* Task statement: In the listing below, the lines starting with the line with "走在新建成的紫金港路上,如果" and going on through the line with "中国人民解放军南部战区组织陆" are to be reproduced exactly, and only those.

* Material for this exercise:

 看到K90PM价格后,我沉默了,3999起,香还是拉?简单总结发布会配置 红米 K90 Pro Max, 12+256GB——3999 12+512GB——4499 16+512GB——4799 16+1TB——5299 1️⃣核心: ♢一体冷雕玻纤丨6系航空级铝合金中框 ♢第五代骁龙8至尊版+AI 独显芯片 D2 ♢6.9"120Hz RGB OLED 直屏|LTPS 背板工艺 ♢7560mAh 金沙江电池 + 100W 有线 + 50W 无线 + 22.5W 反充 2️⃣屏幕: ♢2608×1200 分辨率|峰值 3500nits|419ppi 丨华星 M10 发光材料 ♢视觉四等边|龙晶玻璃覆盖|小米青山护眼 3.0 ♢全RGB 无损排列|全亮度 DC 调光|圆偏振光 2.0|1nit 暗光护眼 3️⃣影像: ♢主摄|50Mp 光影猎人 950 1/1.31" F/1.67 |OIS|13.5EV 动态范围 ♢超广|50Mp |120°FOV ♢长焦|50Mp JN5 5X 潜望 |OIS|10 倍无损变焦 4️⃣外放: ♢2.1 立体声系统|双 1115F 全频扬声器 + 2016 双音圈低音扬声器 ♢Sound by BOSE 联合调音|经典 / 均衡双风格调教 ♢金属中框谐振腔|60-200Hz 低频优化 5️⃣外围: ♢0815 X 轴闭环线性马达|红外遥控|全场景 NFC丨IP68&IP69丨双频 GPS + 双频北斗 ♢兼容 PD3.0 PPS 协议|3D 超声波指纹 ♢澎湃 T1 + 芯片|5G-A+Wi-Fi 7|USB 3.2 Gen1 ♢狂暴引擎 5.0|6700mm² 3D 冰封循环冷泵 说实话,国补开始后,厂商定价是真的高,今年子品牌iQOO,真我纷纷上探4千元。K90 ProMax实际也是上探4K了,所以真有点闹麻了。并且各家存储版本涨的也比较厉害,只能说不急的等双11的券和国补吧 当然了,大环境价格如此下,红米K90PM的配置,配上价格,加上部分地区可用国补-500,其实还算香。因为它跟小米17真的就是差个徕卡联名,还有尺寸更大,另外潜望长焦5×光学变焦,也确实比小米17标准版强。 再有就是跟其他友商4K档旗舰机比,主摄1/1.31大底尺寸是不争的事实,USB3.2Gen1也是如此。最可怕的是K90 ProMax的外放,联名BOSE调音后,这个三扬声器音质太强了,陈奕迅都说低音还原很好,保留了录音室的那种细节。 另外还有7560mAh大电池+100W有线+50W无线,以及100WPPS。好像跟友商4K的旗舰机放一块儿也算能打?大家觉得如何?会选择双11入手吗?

==

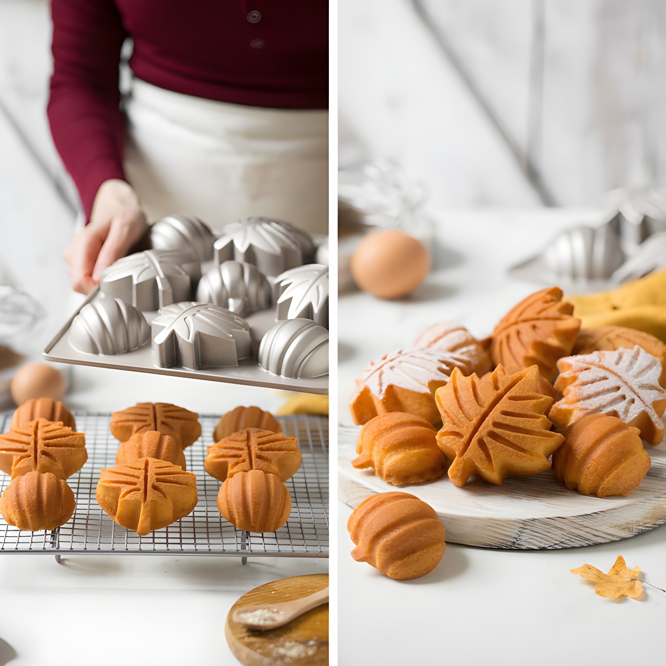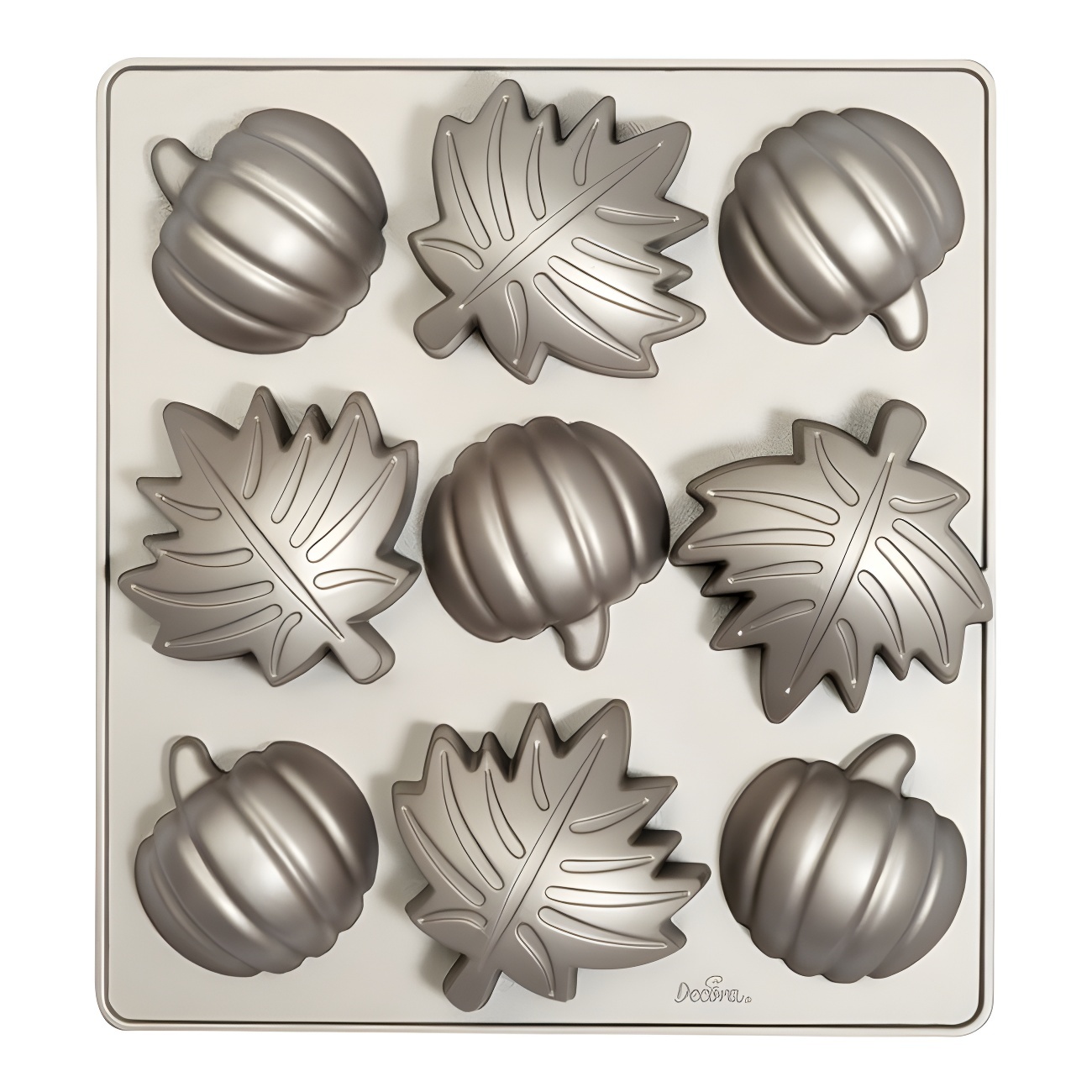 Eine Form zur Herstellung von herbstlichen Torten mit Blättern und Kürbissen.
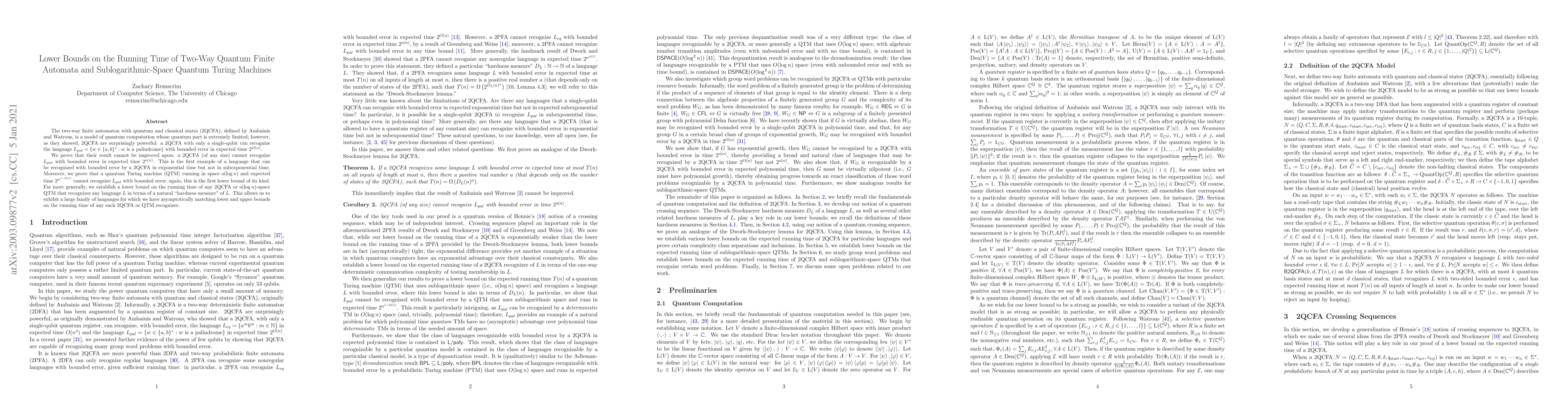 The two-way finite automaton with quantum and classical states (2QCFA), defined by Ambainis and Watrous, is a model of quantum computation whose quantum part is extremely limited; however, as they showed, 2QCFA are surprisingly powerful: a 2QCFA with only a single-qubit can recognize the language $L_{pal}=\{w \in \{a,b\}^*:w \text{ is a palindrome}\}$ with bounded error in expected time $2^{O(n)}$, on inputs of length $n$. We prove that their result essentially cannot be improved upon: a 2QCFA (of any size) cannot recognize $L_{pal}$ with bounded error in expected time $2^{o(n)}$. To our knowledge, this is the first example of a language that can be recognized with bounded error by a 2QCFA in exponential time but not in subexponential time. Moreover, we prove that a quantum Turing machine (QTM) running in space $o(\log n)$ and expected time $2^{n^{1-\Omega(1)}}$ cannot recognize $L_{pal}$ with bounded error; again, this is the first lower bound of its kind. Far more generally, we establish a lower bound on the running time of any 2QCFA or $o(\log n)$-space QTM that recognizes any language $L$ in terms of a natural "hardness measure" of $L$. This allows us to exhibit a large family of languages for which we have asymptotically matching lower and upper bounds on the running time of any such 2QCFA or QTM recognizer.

--

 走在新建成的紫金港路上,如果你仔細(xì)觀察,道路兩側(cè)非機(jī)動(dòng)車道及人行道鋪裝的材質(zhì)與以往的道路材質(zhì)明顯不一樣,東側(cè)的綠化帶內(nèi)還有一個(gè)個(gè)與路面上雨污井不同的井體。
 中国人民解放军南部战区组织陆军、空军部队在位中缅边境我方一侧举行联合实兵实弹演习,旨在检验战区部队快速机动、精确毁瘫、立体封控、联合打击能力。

* Exercise result:
 走在新建成的紫金港路上,如果你仔細(xì)觀察,道路兩側(cè)非機(jī)動(dòng)車道及人行道鋪裝的材質(zhì)與以往的道路材質(zhì)明顯不一樣,東側(cè)的綠化帶內(nèi)還有一個(gè)個(gè)與路面上雨污井不同的井體。
 中国人民解放军南部战区组织陆军、空军部队在位中缅边境我方一侧举行联合实兵实弹演习,旨在检验战区部队快速机动、精确毁瘫、立体封控、联合打击能力。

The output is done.